Unfortunately when I ran this the amount of db hits increased by 14x and it now took 3x as long to run:

Cypher version: CYPHER 2.3, planner: COST. 14061442 total db hits in 3364 ms.


The problem is that we’re making lots of duplicate calls to NOT (member)-[:MEMBER_OF]->(otherGroup) because each group shows up lots of times.

This is the ‘reduce cardinality of work in progress’ tip from Michael Hunger’s blog post:

Bonus Query Tuning Tip: Reduce Cardinality of Work in Progress

When following longer paths, you’ll encounter duplicates.
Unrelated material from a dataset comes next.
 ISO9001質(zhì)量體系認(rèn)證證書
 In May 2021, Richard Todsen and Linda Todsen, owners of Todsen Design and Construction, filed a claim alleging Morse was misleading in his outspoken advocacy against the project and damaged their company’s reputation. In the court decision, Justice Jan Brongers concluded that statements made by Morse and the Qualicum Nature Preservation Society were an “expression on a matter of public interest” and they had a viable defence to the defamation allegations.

If you’re not interested in all the possible paths – but just distinct information from stages of the path – make sure that you eagerly eliminate duplicates, so that later matches don’t have to be executed many multiple times.
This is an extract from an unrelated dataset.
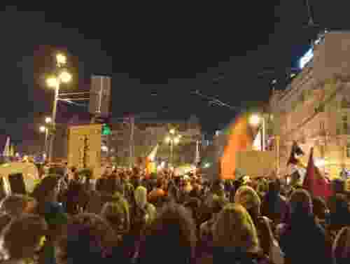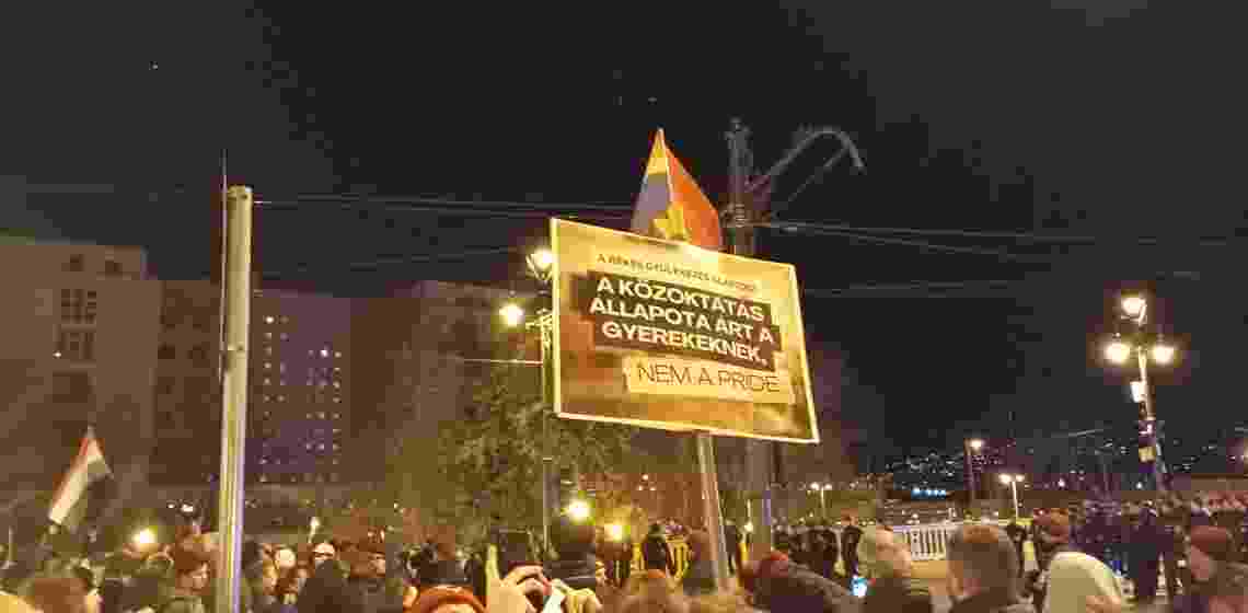 A két keddi demonstráció közül a másodikra értünk ki, a Momentum által szervezett, korábban kezdődő tiltakozásról az onnan érkező barátok beszámolóiból és különféle “guruló dollárokból finanszírozott médiumokból” (vigyázz, irónia!) tájékozódtunk. Mindannyiunknak az volt a várakozása, hogy a két tüntetés egyesülni fog, hiszen időben és térben is közel voltak egymáshoz – ez pár óra múlva meg is történt. Este hét óra környékén a Szabadság téren meghallgattuk a beszédeket, amelyekben egyértelműen érezhető volt a felfokozott hangulat, és nem unalomból rántották össze pár óra alatt ezt az eseményt, hanem dühösek – teljes joggal. Zengtek a rigmusok, a legfontosabb üzenet innen az “Egy megoldás: ellenállás!” volt.

We can reduce the WIP in our query by doing the counting of common members first and then filtering out the groups we’re already a member of:

MATCH (member:Member {name: "Mark Needham"})-[:MEMBER_OF]->(group:Group)<-[:MEMBER_OF]-(other:Member)-[:MEMBER_OF]->(otherGroup:Group)
WITH otherGroup, member, COUNT(*) AS commonMembers
WHERE NOT (member)-[:MEMBER_OF]->(otherGroup)
RETURN otherGroup, commonMembers
ORDER BY commonMembers DESC
LIMIT 5

This gets us back down to something closer to the running time/db hits of our initial query:

Cypher version: CYPHER 2.3, planner: COST. 1097114 total db hits in 1004 ms.
Be Sociable, Share!

Written by Mark Needham

January 17th, 2016 at 12:19 pm

Posted in neo4j

Tagged with

  • ikwattro

    Thanks for the blog post, I hope this will be solved later when TriadicSelection will work on longer patterns.

  • @ikwattro:disqus yes I was wondering why it wasn’t picking up the TriadicSelection actually but when I sketched it out I realised I had a path of length 4 instead of 3. Damn it!